At 1 month of follow-up, he reported feeling well and ferritin levels and inflammatory markers were within normal limits.

The first case of AOSD after COVID-19 has recently been reported. Systemic inflammation, unremitting fever, high serum ferritin, and a hyperinflammatory syndrome that induces major organ involvement characterise both AOSD and severe COVID-19, suggesting they might be triggered by the same mechanisms.
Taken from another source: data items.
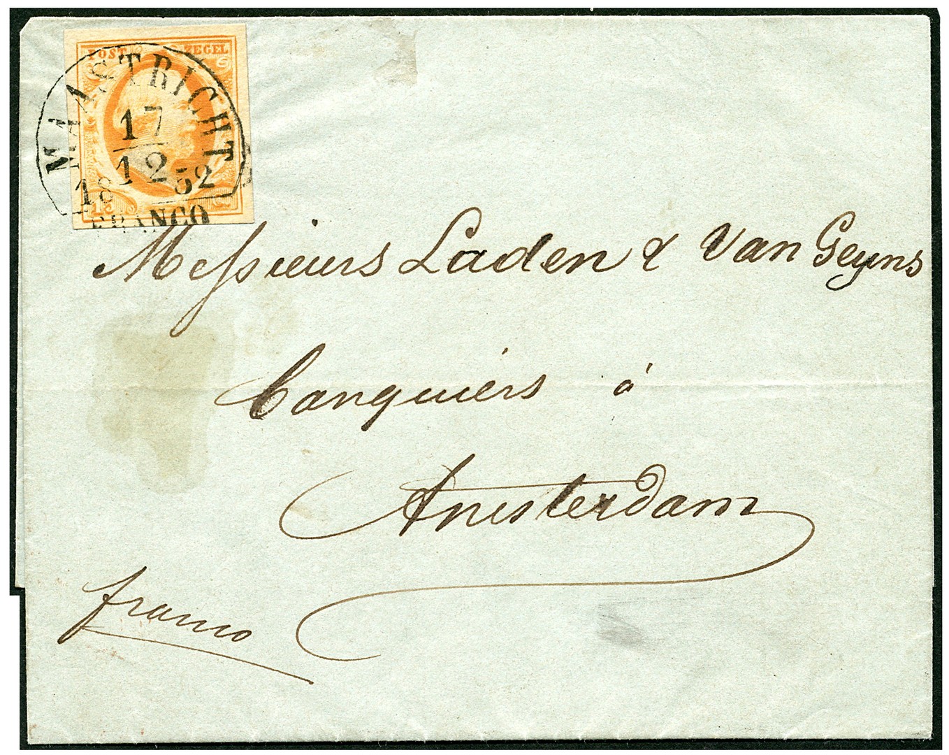 MAASTRICHT B (type 2 EY.125) op 15 cent nr. 3b. Mooi gerande prachtzegel op briefomslag van 17-12-1852 naar bankiers in Amsterdam 18-12. Attest ´R. Bouscher 2012´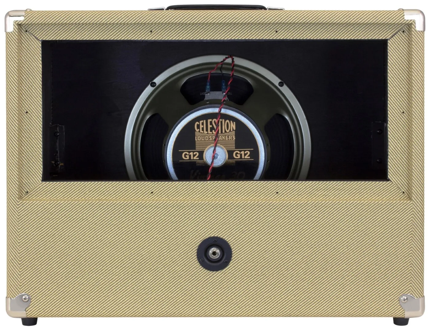 No matter how good your amp is, the speaker cabinet must also be top quality to have a great tone. The Peavey 112-C has 18mm plywood construction and a premium Celestion Vintage 30 speaker. The back of the cabinet is convertible for changing the cabinet to an open back configuration. The white piping gives the black grill and black tolex a nice finished look. Rubber feet and metal corners complete the package. Great quality, great look, great tone and great value!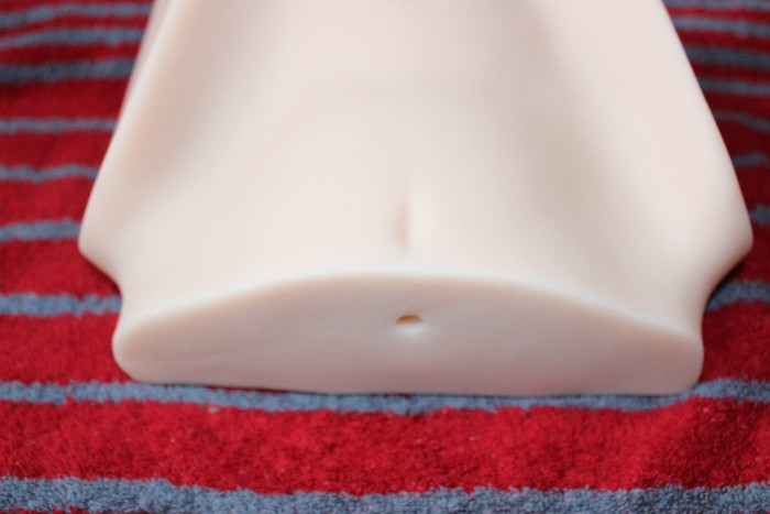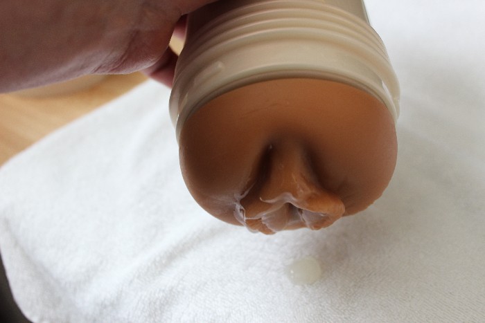 Die Reinigung ist relativ einfach, da der Masturbator zwei Ablauflöcher auf der Rückseite hat ..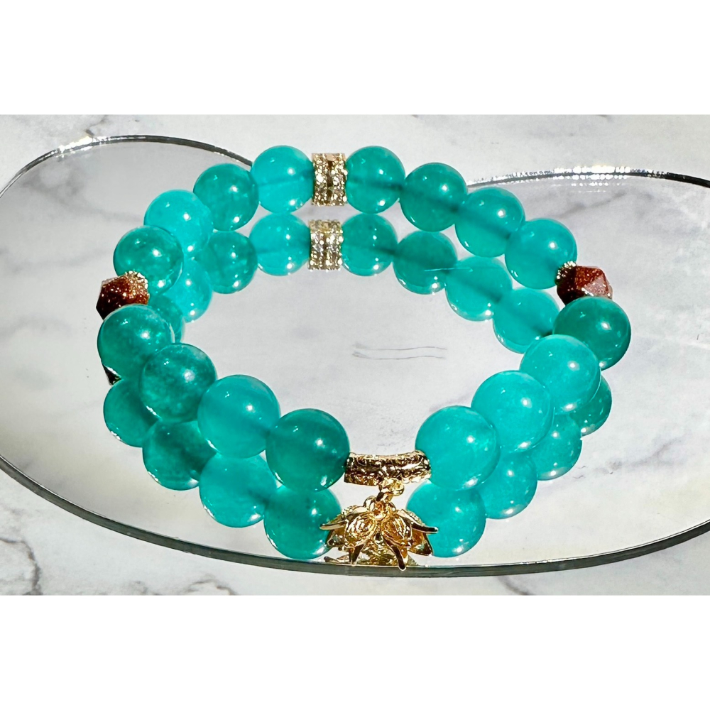 天河石與金沙石的搭配,形成了一個**「積極進取、財運亨通」**的組合: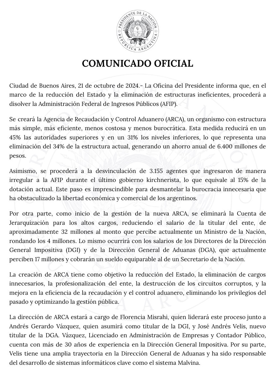 La Oficina del Presidente de la Nación anunció la disolución de la Administración Federal de Ingresos Públicos (AFIP) como parte de una estrategia para reducir el Estado y eliminar estructuras consideradas ineficientes. En su lugar, se creará la Agencia de Recaudación y Control Aduanero (ARCA), un organismo más simple y menos burocrático. Esta reestructuración busca reducir en un 45% los niveles superiores y en un 31% los inferiores, eliminando el 34% de la estructura actual. El ahorro anual estimado es de 6.400 millones de pesos.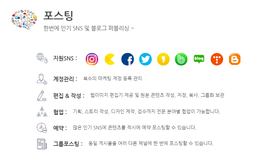스마트포스트를 이용하여 블로그를 포함한 카카오스토리, 트위터, 구글까지 이용할 수 있는 방법입니다. 현재 인스타그램 계정 추가 기능은 삭제되었네요. 이곳에서는 사진을 여러 장 실을 수 있습니다. 다만 유료 버전이기 때문에 별도 비용이 발생한다는 점 알아두시기 바랍니다.이상으로 인스타그램 PC 설치 방법 소개를 마치겠습니다. 도움이 되었다면 하단의 제 SNS 친구를 추가 부탁드립니다. 소중한 파티 멤버를 모집 중입니다. 수컷도 환영 내가 잘해줄게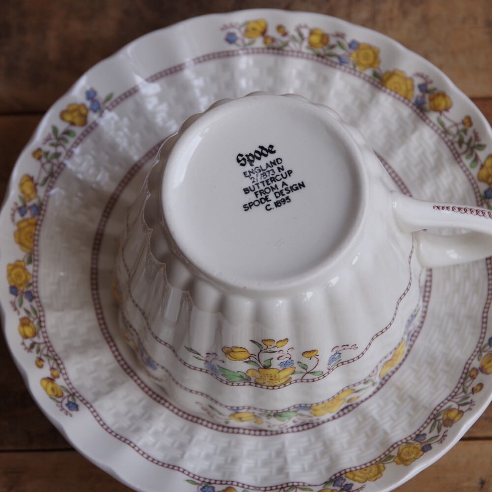 スポード バターカップ キンポウゲ 花柄 コーヒーカップ ソーサー イギリス アンティーク 食器 陶器 #221124-1 SPODE Buttercup ビンテージ ウィッカー Copeland

In the present case, the strong temporal association between the symptoms and COVID-19 vaccination prompted us to suspect a causal connection, since similar AOSD cases have been observed after vaccinations for influenza, hepatitis A, and hepatitis B. However, we cannot exclude the possibility that the timing with regards to vaccination was coincidental. Possible pathogenic mechanisms might include high levels of spike protein production after vaccination, that also cause the immune system activation in COVID-19, suggesting that the inflammatory storm of AOSD can be triggered either by the infection or by the vaccination. Intrinsic adjuvant activity of adenoviral particles targeting innate immune cells and ultimately resulting in the production of type I interferon and multiple pro-inflammatory cytokines, might be another potential cause. Finally, the role of vaccines-adjuvants such as polysorbate 80, which is present also in the influenza and hepatitis vaccines, might also be considered. The response of COVID-19 to IL-1 blockade, known to produce substantial benefit in AOSD, further supports the hypothesis of a strict pathogenic connection between hyperinflammatory syndromes and severe COVID-19.

We declare no competing interests. The patient provided informed consent to publish this case.